だったら、彼は一体何者だろうか。坂口に仲の良い一般人がいるとは想像だにしなかった。
「そういえば、掃除屋さんとは——ああいや、坂口さん、でしたっけ? どういった関係で?」
彼が身を乗り出すようにして聞いてきた。
「昔なじみです。竹馬の友というやつですよ」
「そうですかあ」
そうですかあ、ともう一度彼は言って、手元のコーヒーカップを指で摩った。なんだかうれしそうだ。
「あなたこそ、あいつとはどんな関係だったんです?」
「話し相手です」
「話し相手?」
意外だ。あの口数の少ない坂口にそんな相手がいるとは思わなかった。
私といてもあまり話さないやつだったが、というかむしろ、私と坂口は付き合いが長いからああだこうだと話さずとも考えていることが分かったから、最期の方は会話という会話もろくになかった気もする。
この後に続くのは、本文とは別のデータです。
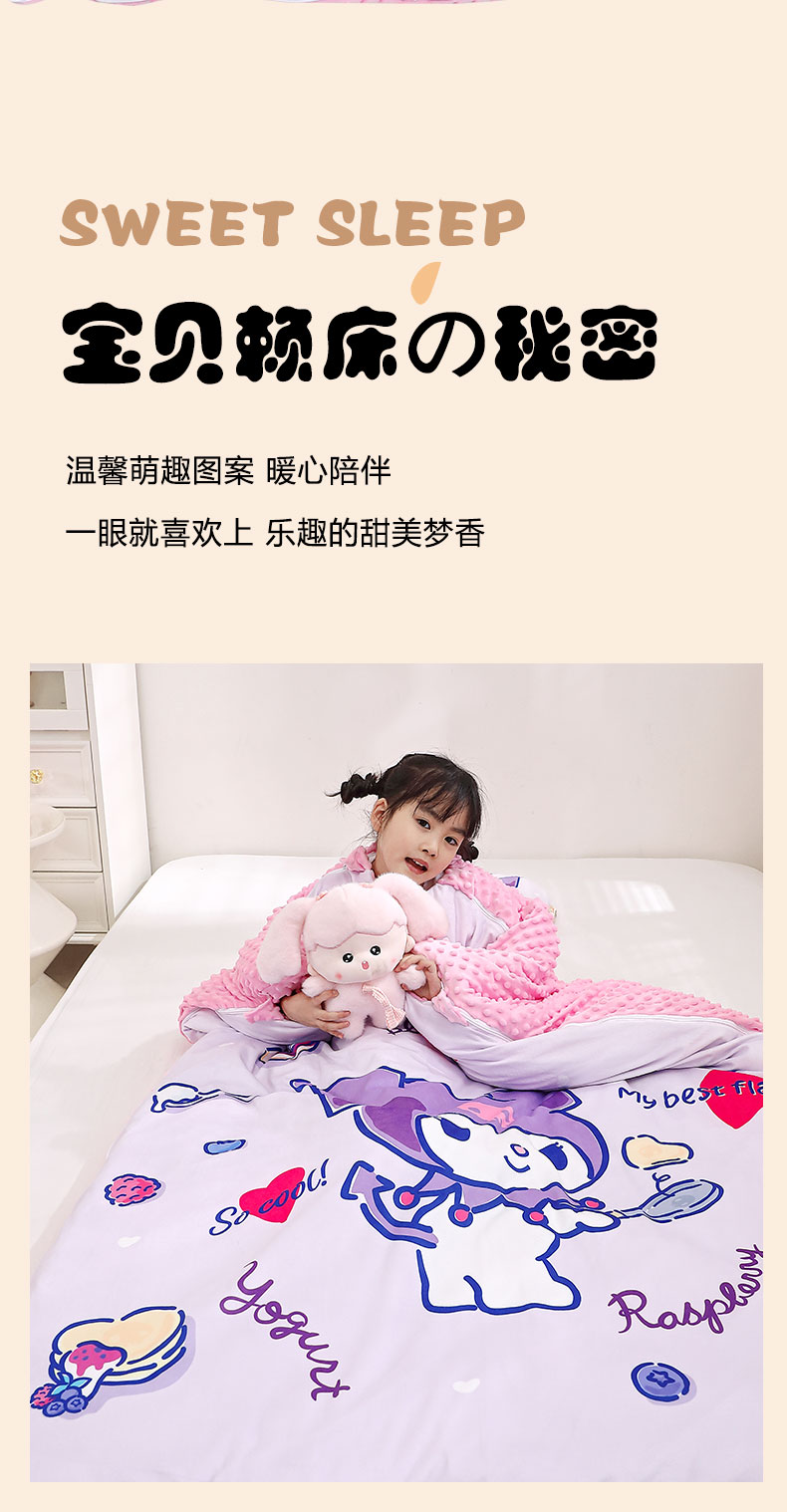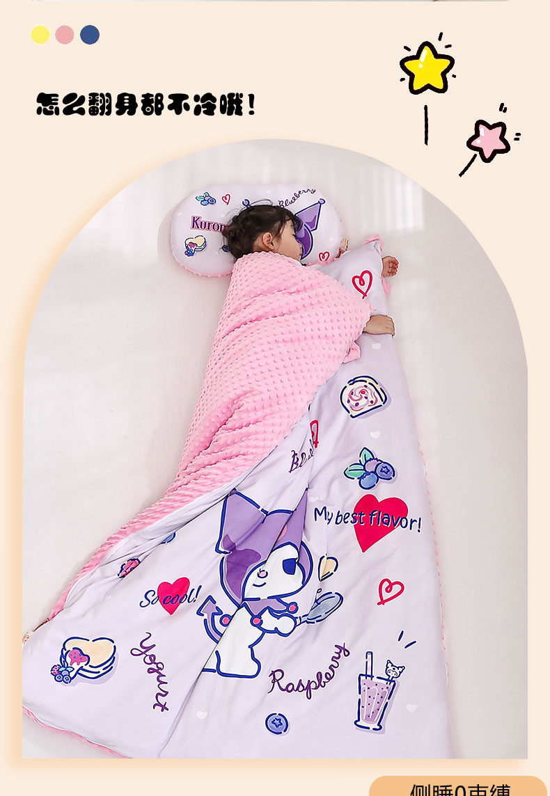 • 91家纺网 家纺一手货源 找家纺 八零年代 2025新款三丽鸥正版分体式可拆洗睡袋宝宝绒保暖儿童防踢被豆豆绒一体被 分体式可拆睡袋-甜甜库洛米

だからこそ、少し、ほんの少しであるが嫉妬のようなものが心の中にあった。我ながら気持ち悪い。口角が変に上がった。
「坂口はどんな話をしてました?」
「なんともないことです。他愛もないこと。ほとんど私が話し通しでしたけどね」
彼はコーヒーカップを人さし指で叩きながら話した。
「私が仕事で行き詰ったりして、その愚痴を嫌な顔もせずに聞いてくれました。まるでカウンセラーみたいでしたよ。彼と話していると自然と心が安らぐと言いますか。まるで彼からマイナスイオンが出ているかのような。本当に、何度となく助けられました。だから……」
そこで彼は話すのをやめた。やめて、余っていた冷めたコーヒーを飲み干して、かちゃりとコーヒーカップを置いた。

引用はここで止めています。